За последние годы наука достаточно продвинулась в вопросе понимания факторов, провоцирующих возникновения болезней, вызванных возрастными изменениями. Научно доказано, что катализатором диабета, артрита, сердечно-сосудистых болезней становится хроническое воспаление в организме, циркулирующее на протяжении длительного периода времени. Воспалительный процесс запускается каскадом реакций, состоящих из неправильного питания, стресса, плохой экологии.

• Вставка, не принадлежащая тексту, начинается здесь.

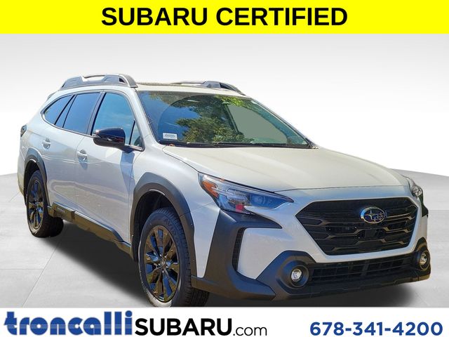 2025 Subaru Outback Onyx Edition Certified. CARFAX One-Owner. ** Bluetooth, ** Backup Camera, ** Apple Car Play / Android Auto, 12 Speakers, 4-Wheel Disc Brakes, ABS brakes, Air Conditioning, All-Weather Floor Liners, Alloy wheels, AM/FM radio: SiriusXM with 360L, Apple CarPlay & Android Auto, Auto High-beam Headlights, Auto-Dimming Exterior Mirror w/Approach Light, Auto-dimming Rear-View mirror, Automatic temperature control, Brake assist, Bumpers: body-color, Compass, Driver door bin, Driver vanity mirror, Dual front impact airbags, Dual front side impact airbags, Electronic Stability Control, Emergency communication system: MySubaru Safety (3-year free trial), Exterior Parking Camera Rear, Four wheel independent suspension, Front Bucket Seats, Front Center Armrest w/Storage, Front dual zone A/C, Front fog lights, Front reading lights, Fully automatic headlights, Garage door transmitter: HomeLink, harman/kardon® Speakers, Heated door mirrors, Heated Front Bucket Seats, Heated front seats, Heated steering wheel, Illuminated entry, Knee airbag, Leather Shift Knob, Leather steering wheel, LED Upgrade, Low tire pressure warning, Occupant sensing airbag, Outside temperature display, Overhead airbag, Overhead console, Panic alarm, Passenger door bin, Passenger vanity mirror, Popular Package #2, Power door mirrors, Power driver seat, Power Liftgate, Power moonroof, Power steering, Power windows, Radio: Subaru 11.6" Multimedia Plus System, Rear Bumper Cover, Rear Seat Back Protector, Rear seat center armrest, Rear window defroster, Rear window wiper, Remote keyless entry, Roof rack, Security system, Speed control, Speed-sensing steering, Splash Guards, Split folding rear seat, Spoiler, Standard Model, StarTex-Trimmed Upholstery, Steering wheel mounted audio controls, Tachometer, Telescoping steering wheel, Tilt steering wheel, Traction control, Trip computer, Turn signal indicator mirrors, Variably intermittent wipers, Wheels: 18" x 7J Black Aluminum-Alloy.

В настоящее время существует достаточно данных о пользе противовоспалительного рациона питания, который активно противодействовует процессу старения и снижает риски появления тех или иных болезней. Подобная диета способствует хорошему самочувствию и активному долголетию.

Если вы хотите быть здоровы и бодры, постройте свой рацион по принципу 80/20. 80% продуктов ежедневного меню будут обеспечивать организм необходимыми микроэлементами и витаминами. Ещё 20 процентов придётся на различные лакомства десерты. Таким образом вы получите от пищи не только и физиологическое, но и эмоциональное насыщение.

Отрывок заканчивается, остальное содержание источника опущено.